A word-for-word copy of the data is what's wanted, with no pictures.

START Input data

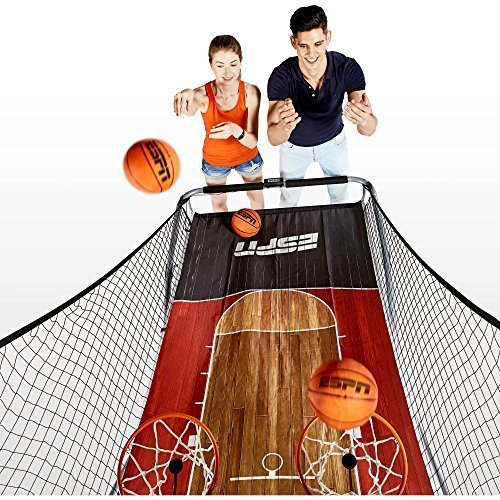 Studio : ESPN Publisher : ESPN Binding : Misc. Product Description The ESPN EZ-Fold 2-Player Basketball Game is a great option for basketball enthusiasts of all ages. This game features a new folding design that is easy to use and offers improved storage space saving as compared to other arcade basketball games. There are eight different games options built-in to the electronic scoring system which can be played by one or two players. The sturdy 1-1/2-inch metal frame and 12-inch steel rims are durable and made to withstand years of play. This foldable basketball game comes with what you need to get started, including four basketballs and an air pump. It is easy to store away when not in use. Keep your family active even when you're enjoying a day at home with the ESPN EZ-Fold 2-Player Basketball Game. EZ-Fold 2-Player Basketball Game - Foldable design for easy storage
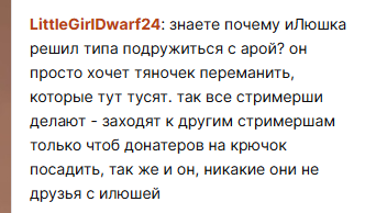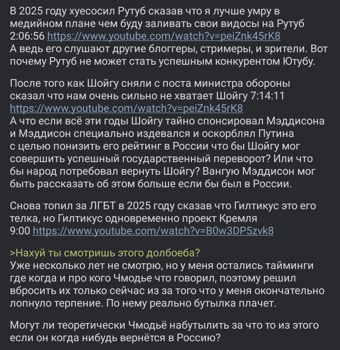 Я напоминаю что в голове калнормера абсолютно нормально хейтить Илюху и желать чтобы его захуярил негр или по меньшей мере депортировали и одновременно донатить ему под никнеймом посраков. Да, вот с таким шизиком мы находимся в этом треде. Думайте.
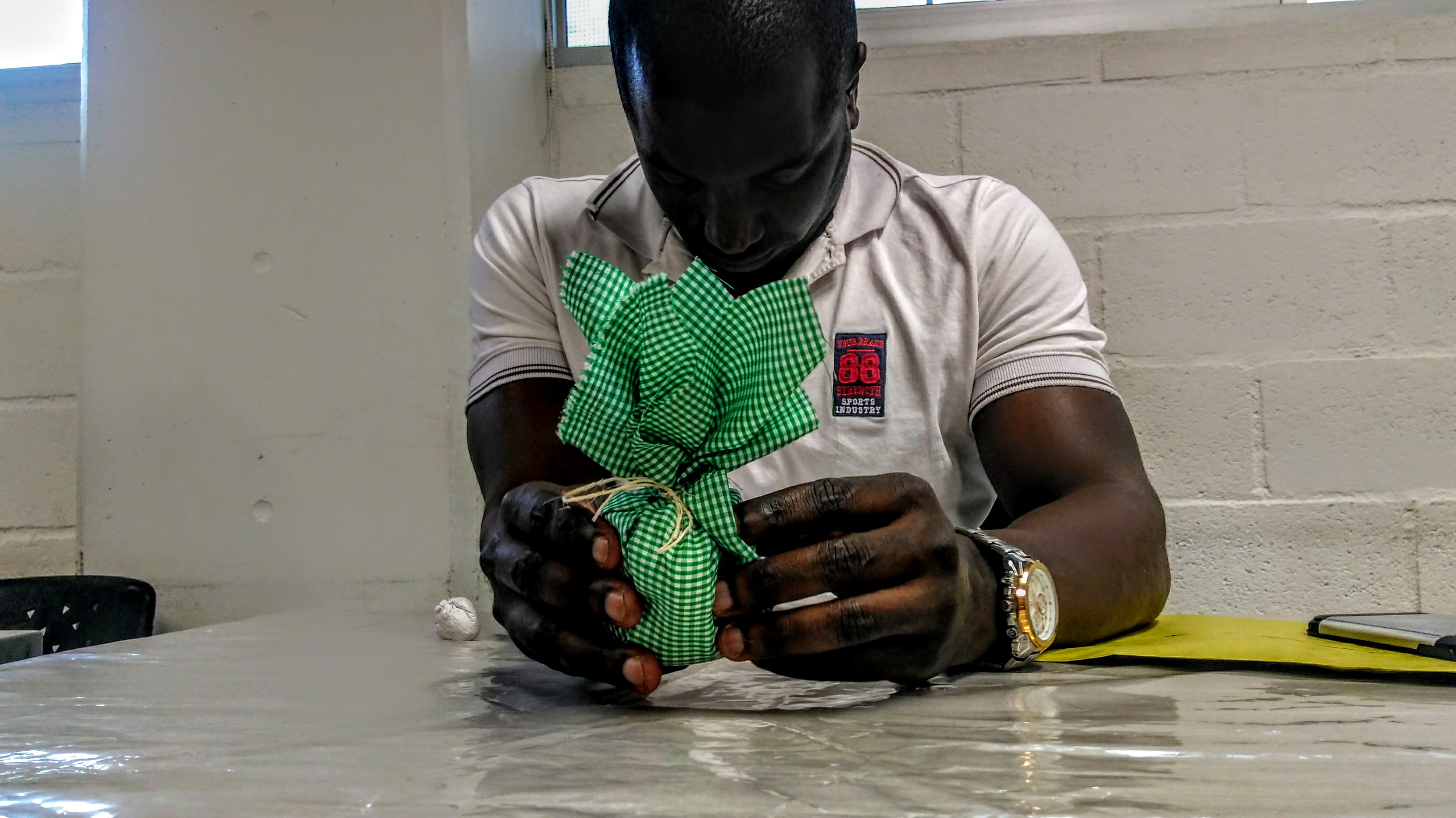 Me acerqué a Jair cuando vi que se encontraba solitario observando detenidamente un reloj plateado que sostenía entre sus manos, parecía que se encontraba desconectado de su entorno, como si un pensamiento lo invadiera en ese momento. Quise acercarme, María había mencionado que Jair debía irse rápido, así que me acerque a él, me senté a su lado y me dijo - me encanta estar aquí, pero debo irme porque trabajo como vigilante de seguridad en un edificio a las cinco y media- en ese momento eran las dos y media y el taller aún no había comenzado, de modo que comprendí cuál era su preocupación.
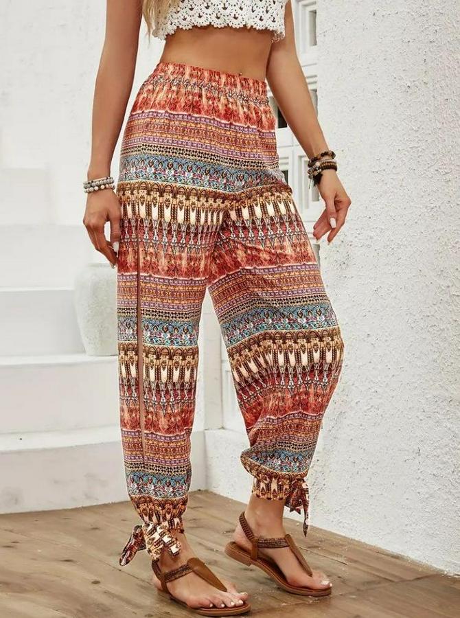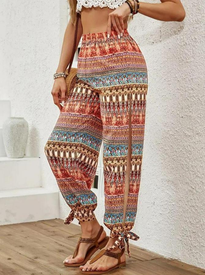Kadın Yüksek Belli Yanlardan Yırtmaç Detaylı Desenli Bürümcük Pantolon

END Input data

Your response
 Studio : ESPN Publisher : ESPN Binding : Misc. Product Description The ESPN EZ-Fold 2-Player Basketball Game is a great option for basketball enthusiasts of all ages. This game features a new folding design that is easy to use and offers improved storage space saving as compared to other arcade basketball games. There are eight different games options built-in to the electronic scoring system which can be played by one or two players. The sturdy 1-1/2-inch metal frame and 12-inch steel rims are durable and made to withstand years of play. This foldable basketball game comes with what you need to get started, including four basketballs and an air pump. It is easy to store away when not in use. Keep your family active even when you're enjoying a day at home with the ESPN EZ-Fold 2-Player Basketball Game. EZ-Fold 2-Player Basketball Game - Foldable design for easy storage
 Я напоминаю что в голове калнормера абсолютно нормально хейтить Илюху и желать чтобы его захуярил негр или по меньшей мере депортировали и одновременно донатить ему под никнеймом посраков. Да, вот с таким шизиком мы находимся в этом треде. Думайте.
 Me acerqué a Jair cuando vi que se encontraba solitario observando detenidamente un reloj plateado que sostenía entre sus manos, parecía que se encontraba desconectado de su entorno, como si un pensamiento lo invadiera en ese momento. Quise acercarme, María había mencionado que Jair debía irse rápido, así que me acerque a él, me senté a su lado y me dijo - me encanta estar aquí, pero debo irme porque trabajo como vigilante de seguridad en un edificio a las cinco y media- en ese momento eran las dos y media y el taller aún no había comenzado, de modo que comprendí cuál era su preocupación.
Kadın Yüksek Belli Yanlardan Yırtmaç Detaylı Desenli Bürümcük Pantolon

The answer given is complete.